My current cloning troubles have dealt with restriction endonucleases, commonly called restriction enzymes in lab-speak. An enzyme is a protein that decreases the activation energy of a reaction. It does this by optimizing the way in which two molecules meet, or by providing a catalyst, or through many other means. Basically, it makes a reaction go forward. Restriction endonucleases are called such because they were originally found in bacteria and were able to selectively destroy foreign DNA so DNA destruction was restricted to that unwanted DNA. Endo means inside, and nuclease means that it cuts up DNA, so we have these enzymes that are able to cut a chunk of DNA. Cool, right?

[This is EcoRI (blue, red, and white) bound to DNA (lavender and light green) - from the Molecule of the Month portion of the Protein Databank]


[The DNA after the restriction endonucleas has cut it in half. See the excess bit of purple and green? Those are the sticky ends. If you have two matching sticky ends, you can effectively add in more DNA to the DNA sequence]

Even cooler is that each different restriction enzyme has a different recognition site, so they cut in a very specific place. For example, EcoRI (said eco (like the eco in ecology) RRR one; it tells you that the enzyme is from E. coli---yes, the kind in your stomach---the strain of E. coli, and the order in which it was discovered in the bacterium)

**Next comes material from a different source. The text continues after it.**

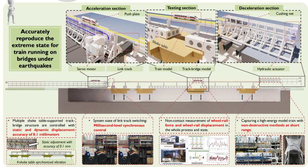 发明简介:我国高铁路网多穿越地震区,保障地震下桥上行车安全是高速铁路建设和可持续发展的重大需求。因地震突发性、破坏性和不可预见性,世界范围内高铁震害记录缺乏,没有震致列车脱轨室内试验方法和科学试验实证。本发明的地震下高速铁路桥上行车安全试验技术及系统,是国际首创复现地震下桥上行车性能和列车脱轨极端状态的试验装备,完成了500余次地震下桥上行车试验,为揭示灾变机理、提出控制指标、研发减隔震产品以及修订国家与行业标准提供了关键试验平台。该专利技术已实施,所研制的大型科学仪器总投资6000余万,获得2022年度中国专利优秀奖,所研发和验证成果支撑了国家技术发明二等奖、湖南省科技进步一等奖等重要奖励。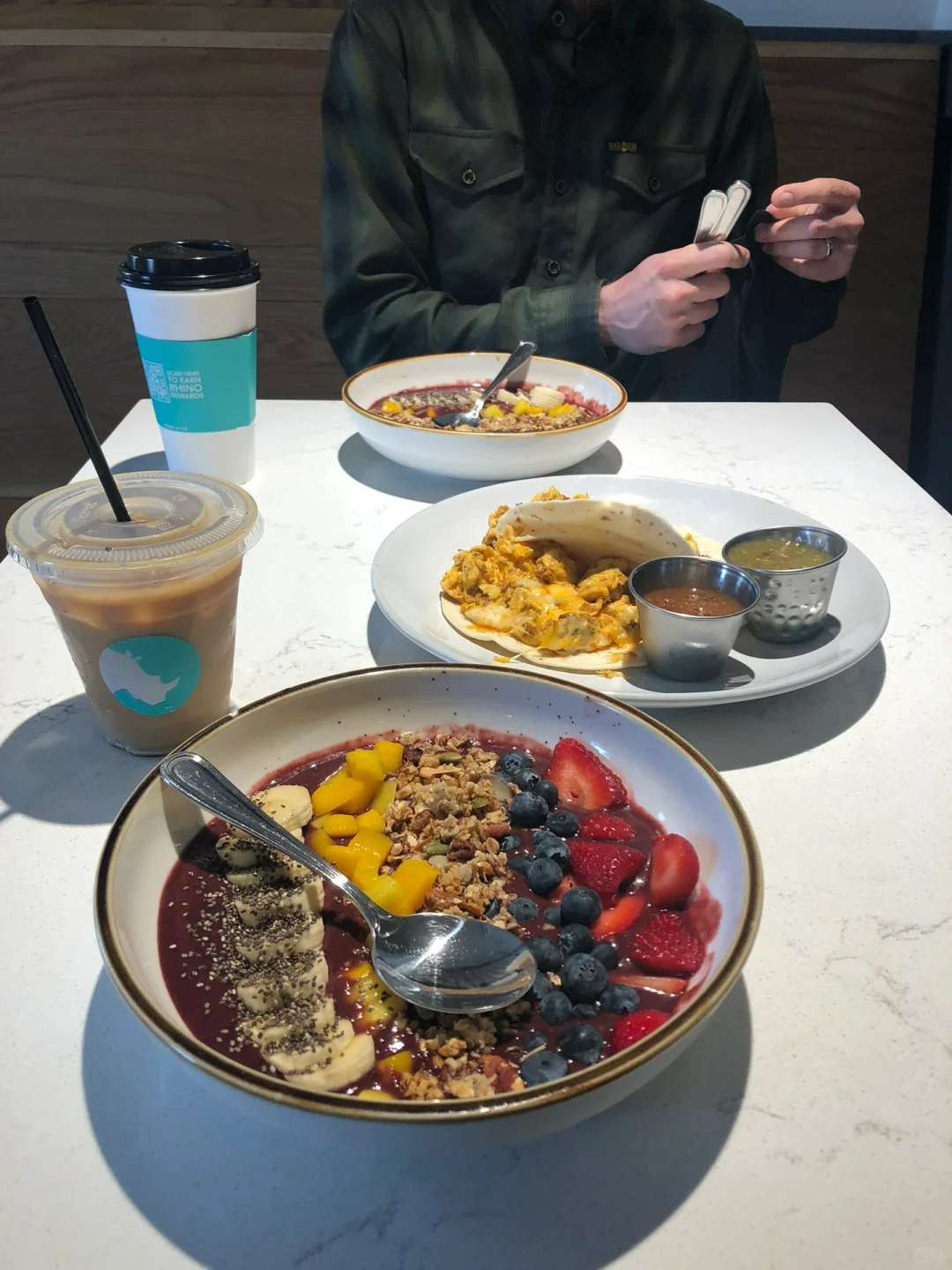 Read moreService is clearly not their forté! Great location and a nice shop with ample seating even at super busy times. But a bunch of different interactions with a bunch of different employees on my first visit left a bad taste in my mouth. When ordering, my S/O and I were both informed very directly they were out of the drinks we wanted. What we ended up ordering was still good, though. Food and drink pickup was disjointed too, just seems there isn't much intentionality with the whole process. Then when we were leaving an employee just out of the blue said they were about to call to have our cars towed. We parked behind the shop, in the uncovered spots. There were no signs in those spots that would indicate it was a tow zone and paint on the pavement was worn so much that you could make out “towing enforced” just barely on one of the spots. Apparently those spots were really “important” just not important enough for proper signage. If I couldn’t read the paint in my sedan, just imagine how difficult it'd be for someone pulling up in a lifted 2500 HD crew cab!

Very cool. Notice, also, that the recognition sequence is a palindrome (GAATTC on top, and on the bottom starting from the left, it's GAATTC as well).

Unfortunately, when you learn all this stuff the first time, no one tells you that efficiency is often not so good. Or the enzyme itself isn't very specific, and tends to cut other sites on the DNA that it is not supposed to. Bummer.

What I was attempting to clone was a new gene that had a portion of about 30 base pairs added in, and in this case, there was one cut I was making that just wasn't working out very well. But---finally. FINALLY. I have my clone. And now I can actually do some studies on this particular clone. Beautiful.

[also---it is Friday. Hallelujah. A weekend of blueberry and raspberry picking, candlepin bowling, teaching, and a concert at Jamaica Pond. Love it!]